Last Update: Sept. 8, 2017:

  • Removed uHTTPd and OpenVPN completely for now.
  • Changed 1st DNS resolver to ventricle.us, was having some issues with the previous one.
  • DNSSEC is enabled by default now.

Click on List View or it's gonna be hard to find the one you are looking for.
Let me know how it works for you, what packages would you like to see in future releases, what models should I consider (please no 4 MB models, I can't do anything with those, already tried). Will try to check comments everyday.
Cheers.

1 Like

Why remove IPV6? Seems a bit like cargo-culting to me.

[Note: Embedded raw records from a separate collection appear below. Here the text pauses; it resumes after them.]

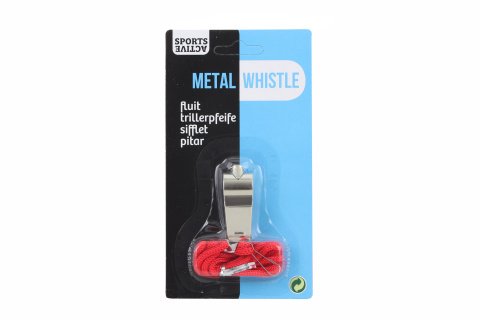 Kovová píšťalka so šnúrou. Rozmery balenia cca 16,5x9x2 cm. Veľkosť píšťalky cca 4 cm. Výrobok nie je hračka.
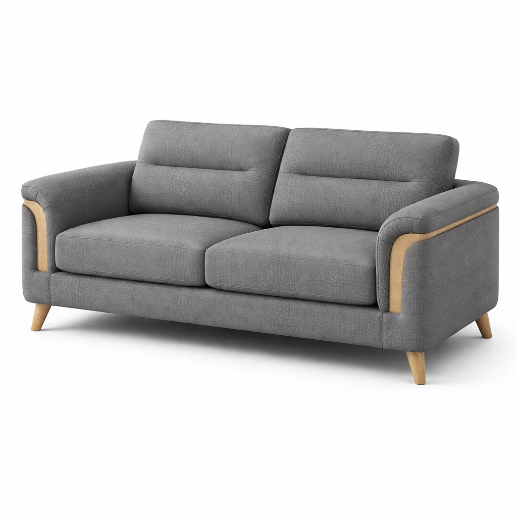 Sofá de 2 plazas de tela gris y madera 150x85x90 cm
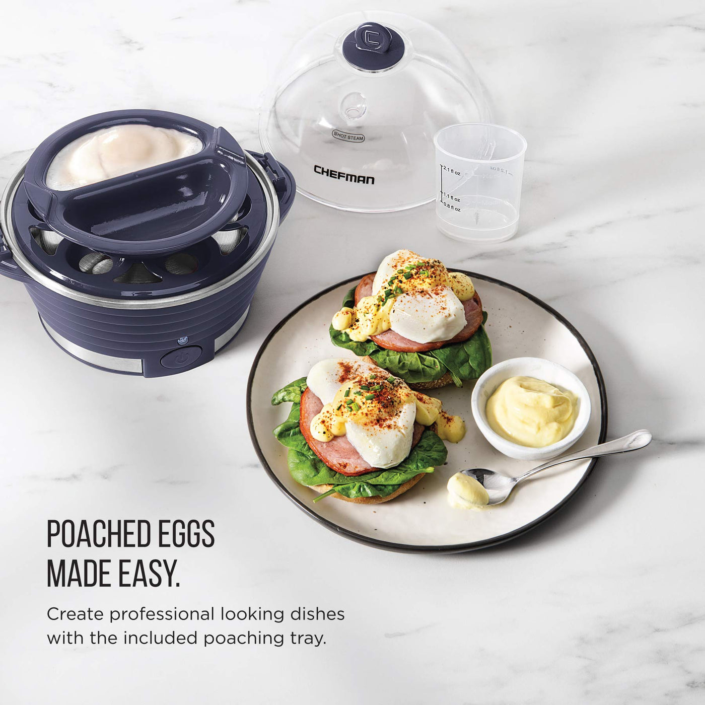 Chefman Electric Egg Cooker Boiler, Rapid Poacher, Food & Vegetable Steamer, Quickly Makes Up To 6, Hard, Medium Or Soft Boiled,

IPV6 is the future of the internet, full stop - denying its existence and trying to hobble along with IPV4 and associated band-aid solutions is no longer an option.

Also, in the politest possible way, don't defer to GRC on anything, there's plenty out there on Gibson and ShieldsUp! in particular.

1 Like

Because removing IPv6 gives you more space to put other things to. Of course, only if you do not need IPv6. Removing it is a valid way for 4MB devices to free some valuable space.

1 Like

Is there alternative/economical way to run luci/web ui without uhttpd?

What's so insecure about the dnsmasq so that you dropped it?

It's useful from a privacy angle. IIRC, a dns leak test like https://www.dnsleaktest.com/ will show dnsmasq's upstream dns servers as the dns server. On the other hand, for unbound, it shows the dns server as the public IP which the pc and unbound are at.

1 Like

Is there a reason dnsmasq is the default over unbound in LEDE? AFAIK, dnsmasq also does DHCP, but that can also be done by odhcpd, right?

What about adding luci-app-bcp38? and builds for wrt1200 wrt1900 and wrt3200acm

The reason is if it aint broke, don't fix, it due to:

  1. dnsmasq was there almost a decade before unbound, so it is the default
  2. dnsmasq is a dns forwarder, whereas unbound is a resolver, which is more than a dns forwarder, and kinda does what the ISP dns server already does for you.

But for security, privacy and anti-censoring purposes a DNS resolver is the preferred solution, right?